The good news is that online back-up solutions are usually very affordable. I strongly recommend iDrive as an easy-to-use, trusted and reliable backup provider. They are the company I personally use. The Personal plan is (USD) $70/year for 2TB storage and $99.50 for 5TB. 25% discount available via my referral link

Camera Storage

Most modern cameras utilise SD cards as their primary storage, and my preferred brand is SanDisk. Their Ultra range of SD cards offers fantastic value for money, while their Extreme Pro range offers uncompromising performance (faster read and write times).

Please check your camera uses SD cards, as old DSLRs do not and some newer high-end DSLRs and mirrorless models also support (currently very expensive) XQD formats.

Warning: there are many counterfeit SD memory cards on the market. I strongly recommend you never buy SD cards from eBay, and if buying from Amazon ensure it’s Amazon directly (below the Buy Now button you’ll see ‘Dispatched and sold by Amazon’) and not a partner.
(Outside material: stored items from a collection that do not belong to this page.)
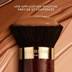 Aussi performant qu’éthique, le pinceau Kabuki est doté d’une base en bois satiné couleur acajou – porteur du label FSC WOOD –, sourcé de manière responsable. Avec sa virole dorée estampillée du logo Guerlain, il s’affirme comme un objet de beauté iconique.
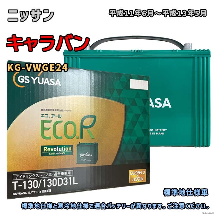 > バッテリー GSユアサ ER-T-130/130D31L ニッサン キャラバン KG-VWGE24 平成11年6月~平成13年5月 AT 対応 T-110 互換 91
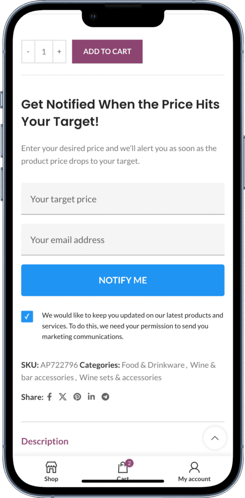 With Price Alerts, shoppers can subscribe to price drops in just a few taps—right from the product page. They set their ideal price, enter an email, and relax. You capture warm leads automatically, no extra steps.
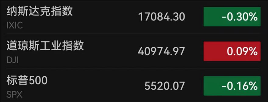 当地时间9月4日周三,美股三大股指涨跌不一。截至收盘,道指涨38.04点,涨幅为0.09%,报40974.97点;纳指跌52.00点,跌幅为0.30%,报17084.30点;标普500指数跌8.86点,跌幅为0.16%,报5520.07点。
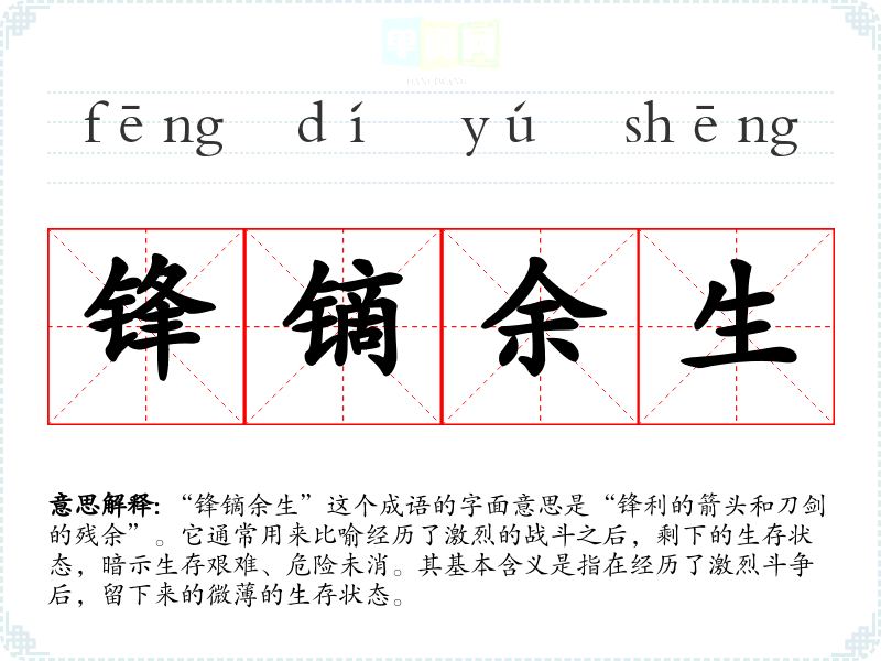 “锋镝余生”这个成语的字面意思是“锋利的箭头和刀剑的残余”。它通常用来比喻经历了激烈的战斗之后,剩下的生存状态,暗示生存艰难、危险未消。其基本含义是指在经历了激烈斗争后,留下来的微*的生存状态。

If you are unsure, please contact me.

If your computer or laptop doesn’t have a built-in SD card reader, for the quest possible download of your images use a USB 3 SD card reader.  

Personal Recommendations for recent customers and Lightroom students

For Frank:

Microsoft Office 2019 Home & Business

For Kerry:

SSD and enclosure

For Neil:

Samsung Evo Plus Micro SD

I’ll let you choose the size according to how much you want to spend. The 128GB, 256Gb and 512GB or all good value. 

For Heather:

Hub for MacBook Pro

This will allow you to attach your charging cable and several USB devices (external drives) at once, as well as having a built-in SD card reader!

USB-C Cables

These will allow you to connect your drives to standard USB ports on the hub above. Get two packs if you need it.

SD Card Reader

If you want to leave the hub at home with your drives still connected when you travel, this is a little portable SD card reader that connects directly to the ports on your MacBook.